Avoid the months() and years() functions from lubridate

Published on

lubridate is an R/tidyverse package for dealing with dates and times.

One of its nice features is the date arithmetics: you can take a date, such as ymd("2020-08-30"), add an interval (such as days(10)), and get a new date ("2020-09-09").

In addition to days(), you can modify dates with months() and years(). However, I would argue you almost never want to use these two functions.

I am writing this on August 30, 2020. I’d like to do some forecasting 6 months ahead. So I would do

> today() + months(6)
[1] NA

The reason is that, strictly speaking, 6 months for now would be February 30, 2021, which does not exist.

Here’s the relevant section of the vignette:

If anyone drove a time machine, they would crash

The length of months and years change so often that doing arithmetic with them can be unintuitive. Consider a simple operation, January 31st + one month. Should the answer be

  1. February 31st (which doesn’t exist)
  2. March 4th (31 days after January 31), or
  3. February 28th (assuming its not a leap year)

A basic property of arithmetic is that a + b - b = a. Only solution 1 obeys this property, but it is an invalid date. I’ve tried to make lubridate as consistent as possible by invoking the following rule if adding or subtracting a month or a year creates an invalid date, lubridate will return an NA. This is new with version 1.3.0, so if you’re an old hand with lubridate be sure to remember this!

If you thought solution 2 or 3 was more useful, no problem. You can still get those results with clever arithmetic, or by using the special %m+% and %m-% operators. %m+% and %m-% automatically roll dates back to the last day of the month, should that be necessary.
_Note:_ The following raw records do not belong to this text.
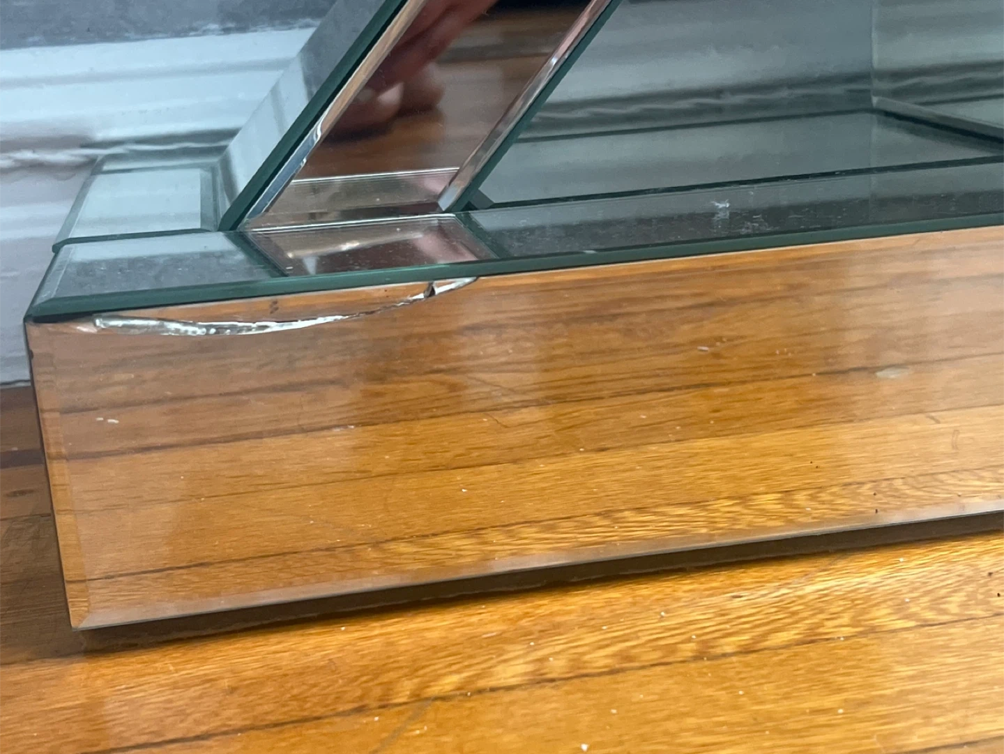 This mirrored console table features a striking X-shaped base. It's made with mirrored panels. Small chip on the front left corner of the top surface.good condition.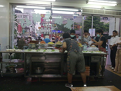 老闆娘正勤奮的製做潤餅中,配料滿滿的擺在工作台上.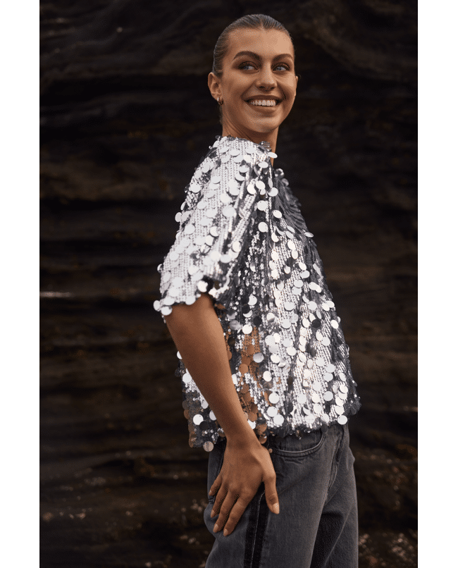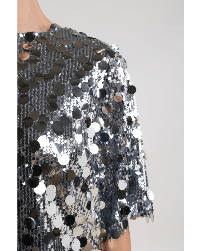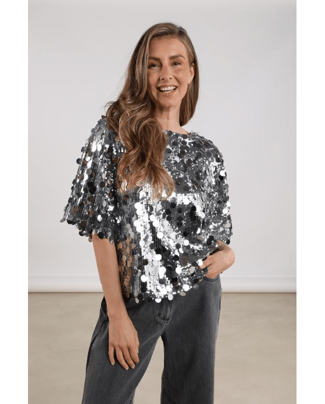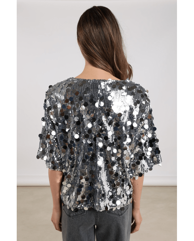 De Yara Top Paillet in zilver is een echte eyecatcher voor feestelijke gelegenheden. Het glanzende paillettenontwerp geeft je look direct een glamoureuze uitstraling.

jan31 <- ymd("2013-01-31")
jan31 + months(0:11)
#>  [1] "2013-01-31" NA           "2013-03-31" NA           "2013-05-31"
#>  [6] NA           "2013-07-31" "2013-08-31" NA           "2013-10-31"
#> [11] NA           "2013-12-31"
floor_date(jan31, "month") + months(0:11) + days(31)
#>  [1] "2013-02-01" "2013-03-04" "2013-04-01" "2013-05-02" "2013-06-01"
#>  [6] "2013-07-02" "2013-08-01" "2013-09-01" "2013-10-02" "2013-11-01"
#> [11] "2013-12-02" "2014-01-01"
jan31 %m+% months(0:11)
#>  [1] "2013-01-31" "2013-02-28" "2013-03-31" "2013-04-30" "2013-05-31"
#>  [6] "2013-06-30" "2013-07-31" "2013-08-31" "2013-09-30" "2013-10-31"
#> [11] "2013-11-30" "2013-12-31"

Notice that this will only affect arithmetic with months (and arithmetic with years if your start date it Feb 29).

Now, can you think of some applications where this behavior — returning an NA — would be the desired return value of the expression today() + months(6)?

These functions are especially dangerous because they work most of the time. So when you are testing your code, you’ll likely see it working. And then once a couple of months it will fail.

So I am trying to get into the habit of writing days(6*30) instead of months(6). Alternatively, you can try to remember to use %m+% instead of +, although I’m sure you will slip up sooner or later.

The date arithmetic in lubridate is very neat and simple syntactically, and I think it was a mistake to make the most natural-looking construct fail 2% of time. Even removing those functions from the API would be better — as it would make it impossible to write the subtly-incorrect code.